Values expressed in a range format should be interpreted in a flexible manner to include not only the numerical values explicitly recited as the limits of the range, but also to include all the individual numerical values or sub-ranges encompassed within that range as if each numerical value and sub-range is explicitly recited. For example, a range of “about 0.1% to about 5%” or “about 0.1% to 5%” should be interpreted to include not just about 0.1% to about 5%, but also the individual values (for example, 1%, 2%, 3%, and 4%) and the sub-ranges (for example, 0.1% to 0.5%, 1.1% to 2.2%, 3.3% to 4.4%) within the indicated range. The statement “about X to Y” has the same meaning as “about X to about Y,” unless indicated otherwise. Likewise, the statement “about X, Y, or about Z” has the same meaning as “about X, about Y, or about Z,” unless indicated otherwise.

In this document, the terms “a,” “an,” or “the” are used to include one or more than one unless the context clearly dictates otherwise. The term “or” is used to refer to a nonexclusive “or” unless otherwise indicated.

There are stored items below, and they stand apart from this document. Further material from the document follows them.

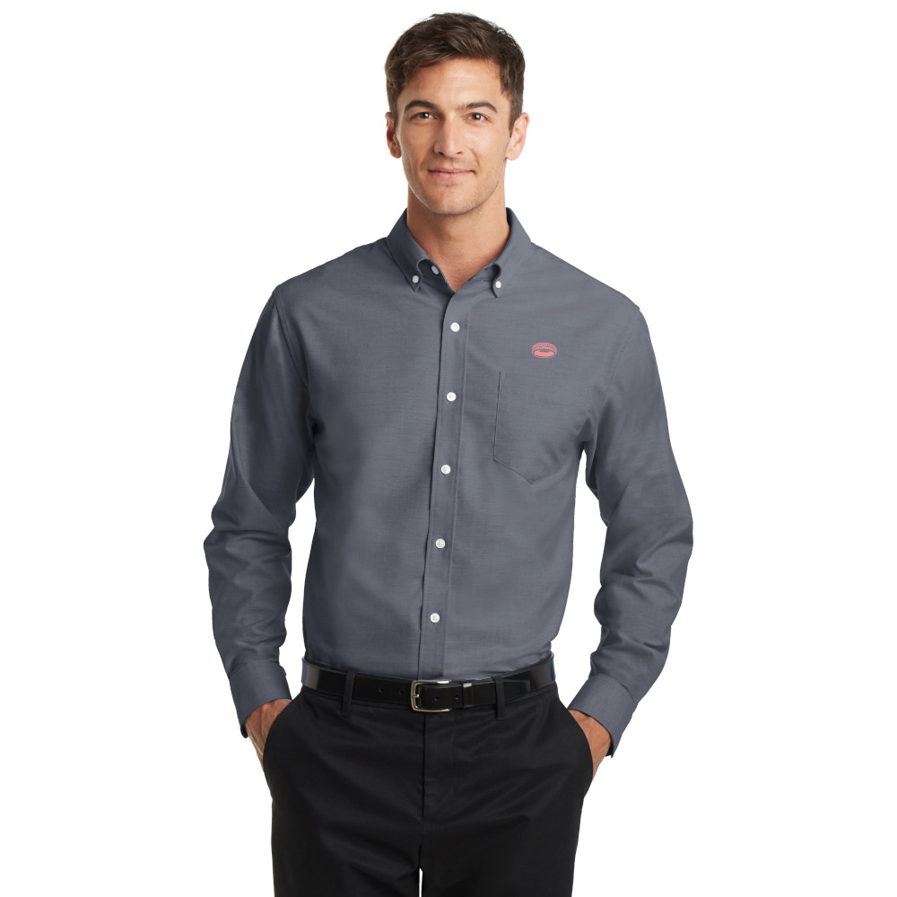 Look your best in a tried-and-true oxford that performs. Designed to release stains, our wrinkle-resistant SuperPro Oxford has a soft hand to keep you looking neat and professional all day long.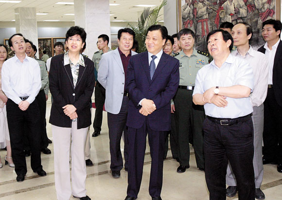 kaiyun电子 党组书记、副主席赵实,中宣部副部长翟卫华,解放军总政治部副主任杜金才与覃志刚、左中一、刘大为、黎国如、吴长江、孔令义、陈士富等陪同参观。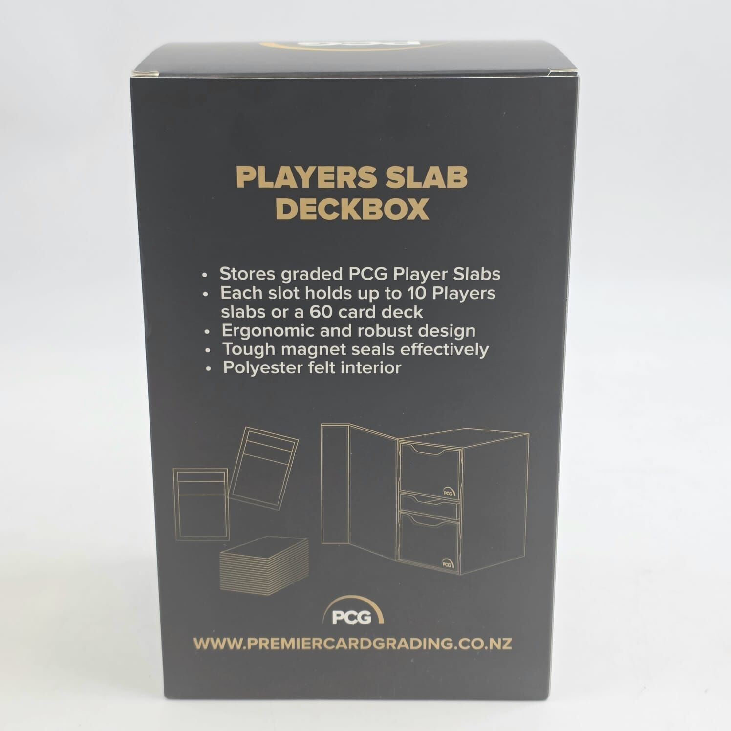 This PCG Players Slab Deckbox is purpose-built for serious collectors who don’t mess around with flimsy storage. Designed to securely store PCG graded player slabs (up to 10 slabs) or a full 60-card deck, it balances durability, protection, and clean aesthetics.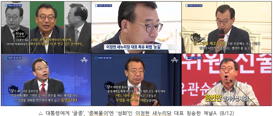이정현 대표의 ‘화법’을 시종일관 칭송한 채널A <겸손과 걱정 사이 ‘이정현식 화법’>(8/12)은 도를 넘었다. 박근혜 대통령에게는 지나치게 자세를 낮추고 야당에 대한 공격이나 ‘종북몰이’에 열을 올리는 이정현 대표의 ‘화법’은 찬사의 대상이 아니라 비판의 대상이 되어야 한다. 박근혜 대통령을 호위하기 위해 세월호 참사 당시 KBS 보도국장을 윽박질렀던 ‘보도 개입’의 충격도 아직 채 가시지 않은 상황이다. 세월호 참사는 물론, 우병우 민정수석 등 측근들의 비리와 횡포, 사드 배치에서 드러난 일방주의적 국정 운영 등 박근혜 정부에 대한 국민의 신뢰가 땅을 친 지금, 그러한 청와대에 굴종하고 있는 여당 대표를 극구 감싸려는 채널A의 태도는 무리수라고 할 수밖에 없다.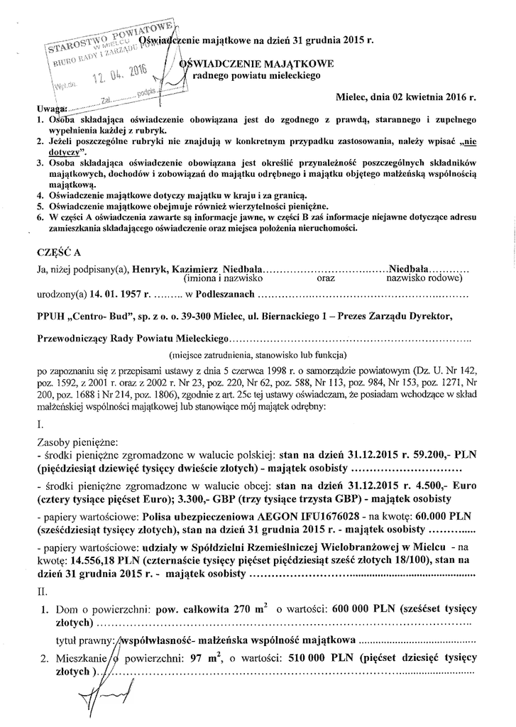 B : \ B \ \\NB'on' v- ()świa|lczenie majątkowe na dzień 31 grudnia 2015 r. / Ś w iad c zen ie m a ją tk o w e radnego powiatu mieleckiego V] 1,1 m ....V Mielec, dnia 02 kwietnia 2016 r. 1. Osoba składająca oświadczenie obowiązana jest do zgodnego z prawdą, starannego i zupełnego wypełnienia każdej z rubryk. 2. Jeżeli poszczególne rubryki nie znajdują w konkretnym przypadku zastosowania, należy wpisać „nie dotyczy”. 3. Osoba składająca oświadczenie obowiązana jest określić przynależność poszczególnych składników majątkowych, dochodów i zobowiązań do majątku odrębnego i majątku objętego małżeńską wspólnością majątkową. 4. Oświadczenie majątkowe dotyczy majątku w kraju i za granicą. 5. Oświadczenie majątkowe obejmuje również wierzytelności pieniężne. 6. W części A oświadczenia zawarte są informacje jawne, w części B zaś informacje niejawne dotyczące adresu zamieszkania składającego oświadczenie oraz miejsca położenia nieruchomości. CZĘŚĆ A Ja, niżej podpisany(a), Henryk, Kazimierz Niedbała............................................ Niedbała........... (imiona i nazwisko oraz nazwisko rodowe) urodzony(a) 14. 0 1 .1 9 5 7 r ............. w P o d lesza n a ch ......................................................................................... PP1JH „Centro- B ud”, sp. z o. o. 39-300 M ielec, ul. Biernackiego 1 - Prezes Zarządu Dyrektor, Przewodniczący Rady Pow iatu M ieleckiego.................................................... ...................................................... (miejsce zatrudnienia, stanowisko lub funkcja) po zapoznaniu się z przepisami ustawy z dnia 5 czerwca 1998 r. o samorządzie powiatowym (Dz. U. Nr 142, poz. 1592, z 2001 r. oraz z 2002 r. Nr 23, poz. 220, Nr 62, poz. 588, Nr 113, poz. 984, Nr 153, poz. 1271, Nr 200, poz. 1688 i Nr 214, poz. 1806), zgodnie z art. 25c tej ustawy oświadczam, że posiadam wchodzące w skład małżeńskiej wspólności majątkowej lub stanowiące mój majątek odrębny: I. Zasoby pieniężne: - środki pieniężne zgrom adzone w w alucie polskiej: stan na dzień 31.12.2015 r. 59.200,- PLN (pięćdziesiąt dziewięć tysięcy dwieście złotych) - majątek osobisty....................................... - środki pieniężne zgrom adzone w w alucie obcej: stan na dzień 31.12.2015 r. 4.500,- Euro (cztery tysiące pięćset Euro); 3.300,- GBP (trzy tysiące trzysta GBP) - majątek osobisty - papiery w artościow e: Polisa ubezpieczeniowa A E G O N IFU1676028 - na kw otę: 60.000 PLN (sześćdziesiąt tysięcy złotych), stan na dzień 31 grudnia 2015 r. - majątek osobisty................ - papiery w artościow e: udziały w Spółdzielni Rzemieślniczej Wielobranżowej w Mielcu - na kw otę: 14.556,18 PLN (czternaście tysięcy pięćset pięćdziesiąt sześć złotych 18/100), stan na dzień 31 grudnia 2015 r. - majątek osobisty................................................................................ II. 1. D om o pow ierzchni: pow. całkowita 270 m2 o w artości: 600 000 PLN (sześćset tysięcy złotych)..................................................................................................................................... tytuł praw ny: ^współwłasność- małżeńska wspólność majątkowa......................................... 2. M ieszkanie id pow ierzchni: 97 m2, o w artości: 510 000 PLN (pięćset dziesięć tysięcy złotych) . . / / ............................................................................................................................... tytuł praw ny: własność - majątek osobisty.............................................................................. 3. Gospodarstwo rolne: rodzaj gospodarstw a: N IE D O T Y C Z Y pow ierzchnia: N IE D O T Y C Z Y ....................................... o w artości: N IE D O T Y C Z Y ........................................................................................................................ rodzaj zabudow y: N IE D O T Y C Z Y ........................................................................................................... tytuł praw ny: N IE D O T Y C Z Y .................................................................................................................. Z tego tytułu osiągnąłem w okresie od 01.01.2015 do 31.12.2015 roku przychód i dochód w wysokości: N IE D O T Y C Z Y ............................................................................................................................................. 4. Inne nieruchomości: pow ierzchnia: a) działka nr 1691 zabudowana domem rodzinnym z poz. II. pkt. 1 0 pow. 723 m2............................................................................................................................. b) lokal niemieszkalny » 1/16 udziału w garażu wielostanowiskowym o pow. 792 m2 1 związany z tym udział w wysokości 1/16 z 684/10.000 udziału w nieruchomości gruntowej o pow. 0,6902 ha,..................................................................................................... c) udział w wysokości 83/10.000 w nieruchomości wspólnej związanej z własnością mieszkania wymienionego w poz. II pkt. 2 o pow. 0,6902 h a ,.............................................. o w artości: a) - 100 000 PLN, b) 45 000 PLN, c) 45 000 PL N ,.............................................. tytuł praw ny: a) w spółw łasność - małżeńska w spólność m ajątkowa, b), c) w łasność -m ajątek osobisty III. 1. Posiadam udziały w spółkach handlowych z udziałem powiatowych osób prawnych lub przedsiębiorców, w których uczestniczą takie osoby - należy podać liczbę i emitenta udziałów: NIE DOTYCZY........................................................................................................................ udziały te stanowią pakiet większy niż 10% udziałów w spółce: NIE DOTYCZY......................................

The statement “at least one of A and B” has the same meaning as “A, B, or A and B.” In addition, it is to be understood that the phraseology or terminology employed in this disclosure, and not otherwise defined, is for the purpose of description only and not of limitation. Any use of section headings is intended to aid reading of the document and is not to be interpreted as limiting; information that is relevant to a section heading may occur within or outside of that particular section.

In the methods of manufacturing described in this disclosure, the acts can be carried out in any order, except when a temporal or operational sequence is explicitly recited. Furthermore, specified acts can be carried out concurrently unless explicit claim language recites that they be carried out separately. For example, a claimed act of doing X and a claimed act of doing Y can be conducted simultaneously within a single operation, and the resulting process will fall within the literal scope of the process.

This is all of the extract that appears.